Our sheet metal brake isn’t rated for some of the longer bends at 1/8″ aluminum so we will be adding some relief slots along the bend line which will make the bend easier. The timeline for completion of the full charge station is being revised to having it done two weeks from now. The initial estimate of a week was far too optimistic for the amount of work it is to build the charging station. I really need to start doubling my original time estimates.

Prototyping

Today our prototyping groups regrouped and split into three refocused groups, intake, buddy climb, and arm. The buddy climb got right into work by having a mentor sit on our swerve drive robot? Wait what? I don’t recommend sitting on a robot, lets keep this to a stupid mentor trick.

It was a simple and quick way to add 180 lbs to the swerve buddy climb test. On the far side of the robot are two forks which are holding up our kit bot.
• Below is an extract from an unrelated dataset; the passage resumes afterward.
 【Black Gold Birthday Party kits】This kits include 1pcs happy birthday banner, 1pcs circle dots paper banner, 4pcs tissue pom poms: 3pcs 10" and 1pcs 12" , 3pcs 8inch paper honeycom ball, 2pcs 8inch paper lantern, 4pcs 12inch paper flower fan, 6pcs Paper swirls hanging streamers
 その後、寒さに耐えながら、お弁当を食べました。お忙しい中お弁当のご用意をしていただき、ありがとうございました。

We wanted to know if we would be able to drive up the 15 degree charging station with the additional weight.

Cone prototyping continued to find a bunch of different things that don’t work well for intaking cones on the floor. We tried a bunch of different configurations of wheels and compression with an overhead roller. The big 8.5″ grey wheel put a few cuts into the cone.
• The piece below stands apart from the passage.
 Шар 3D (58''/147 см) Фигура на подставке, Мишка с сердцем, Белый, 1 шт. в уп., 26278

With out much success on our single overhead roller we assembled a version of a top and bottom roller we found from Ri3D Redux Team. This worked better, but we haven’t figured out a good way to index or control the cone once its in the robot. This prototype had the added bonus of working with the cube.

The arm prototype group started their prototyping journey with some sketches in CAD. These were used to prove that the geometry of an multi jointed arm would be able to reach the scoring areas and fit inside the robot’s frame perimeter. Then they used these sketches to make parts for a wood prototype which will be cut on the CNC router.

Driver Practice

Tonight was our first build season driver practice session, also the first real practice session with our swerve drive base. Back in November I talked about our driver practice plan, which if all goes well we aim to hit 100 hours of drive practice by Worlds. We had a small problem at the start, our swerve drive base still didn’t have any bumpers, enter some pool noodles and duct tape and we have some quick protection.

Today’s session was trying to get our drivers more familiar with swerve and how to drive it well. We did two courses today, a figure eight and a square with a plus(see the below gif). We are trying to encourage the drivers to think more like swerve and less like tank drive.